In image processing, we often need to segment or extract foreground objects from images as target images, such as vehicles and pedestrians in surveillance videos.
The realization of image segmentation can be achieved by: morphological transformation, threshold algorithm, image pyramid, image contour, edge detection and other methods. But this chapter introduces the use of watershed algorithm and GrabCut algorithm to segment and extract images

1. Watershed algorithm

Excellent reference: The classic algorithm of image segmentation: the watershed algorithm Develop Paper

• Algorithm principle The inspiration of the
[watershed algorithm] is: a grayscale image is regarded as a geographical terrain surface, and the grayscale value of each pixel represents the height. Areas with large gray values ​​are regarded as hills, and areas with small gray values ​​are regarded as depressions. If it starts to rain, the concave land is first filled with rainwater. If the rainwater keeps falling until it reaches the ground level (assuming that the gray value of the ground plane is 100, those less than 100 are concave, and those greater than 100 are hills).
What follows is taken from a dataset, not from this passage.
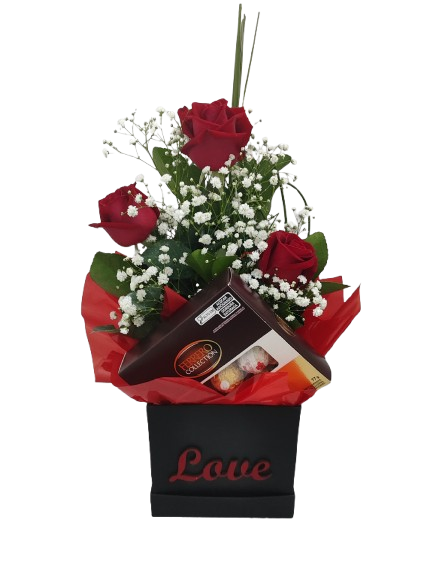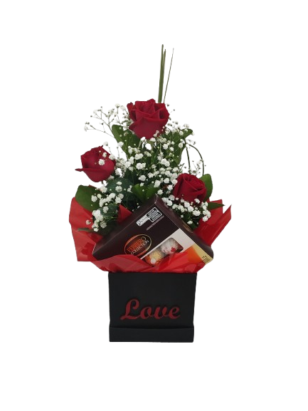 – arranjo com 3 rosas vermelhas mais complementos

The grayscale value less than 100 turns into black, and the pattern composed of pixels greater than 100 is the watershed line of a grayscale image. In fact, the threshold value is used to find the outline of the image. After finding the contour, suppose the rain continues to fall. At this time, we need to build a dam between the contour and the contour to prevent water from injecting into each other. Then the rain continues to fall, and each contour is continuously filled with water, and the flooded area turns black, and then every Each contour area forms its own contour. In fact, it is to find the contour of each contour to realize the segmentation of the image.

Or some textbooks say that the line connecting the pixels with larger gray value in the grayscale image can be regarded as a ridge, that is, a watershed. The water in it is the gray threshold level used for binarization. The binarization threshold can be understood as the horizontal plane. The area lower than the horizontal plane will be submerged, and each isolated valley (local minimum) will be filled with water at the beginning. When the water level rises to a certain height, the water will overflow the current valley. By building a dam on the watershed, the water pooling of the two valleys can be avoided, so that the image is divided into 2 pixel sets, one is the flooded valley Pixel set, one is the watershed line pixel set. Finally, the lines formed by these dams partition the entire image to achieve image segmentation.
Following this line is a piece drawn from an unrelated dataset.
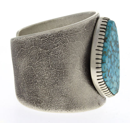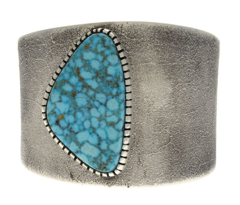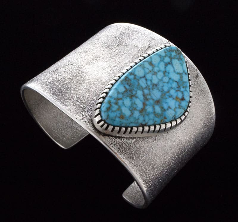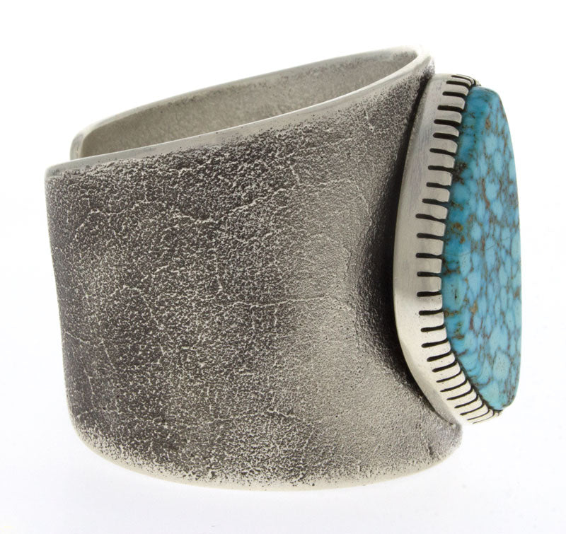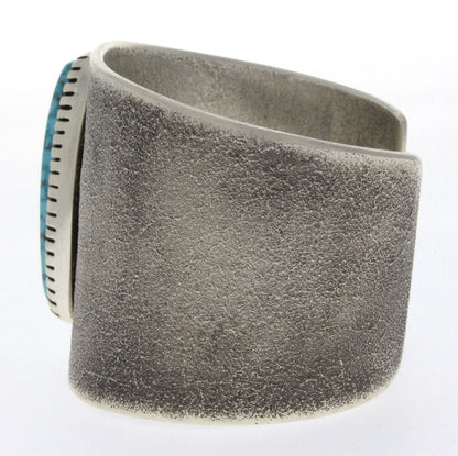 Tufa Stone Cast Sterling Silver Bracelet Set With An Impressive 39 Carat Natural Kingman Turquoise Stone.  Masterfully Handmade And Designed By Navajo Artist PHILANDER BEGAY.

However, when using the above watershed algorithm for image segmentation, due to the interference of noise points or other factors, dense small areas may be obtained, that is, the image is divided too finely (over-segmented, over-segmented), because there are There are a lot of local minimum points, and each point will form a small area by itself.
The solutions are as follows:
1. Perform Gaussian smoothing on the image, and erase many small minimum values, and these small partitions will be merged.
2. Do not start to grow from the minimum value, you can use a relatively high gray value pixel as the starting point (requires manual marking by the user), and start submerging from the mark, then many small areas will be merged into one area, which is called It is a watershed algorithm based on image marking. The following three images are the original image, the watershed over-segmented image, and the image obtained by the marker-based watershed algorithm:
Each of the marked points is equivalent to the water injection point in the watershed. The water injection starts from these points to make the level rise. However, as shown in the figure above, there are too many areas to be divided in the image, and manual marking is too troublesome. We use distance conversion. The method of marking is used in [OpenCV] .

• Distance transformation function: cv2.distanceTransform()
This function is to calculate the distance from any point in the binary image to the nearest background point, that is, to calculate the distance from the non-zero value point pixel in the image to its nearest zero value point pixel. It is to calculate the distance between all pixels in the binary image and the nearest zero-valued pixel. If a pixel is itself a zero-valued pixel, then the distance calculated by this pixel is 0.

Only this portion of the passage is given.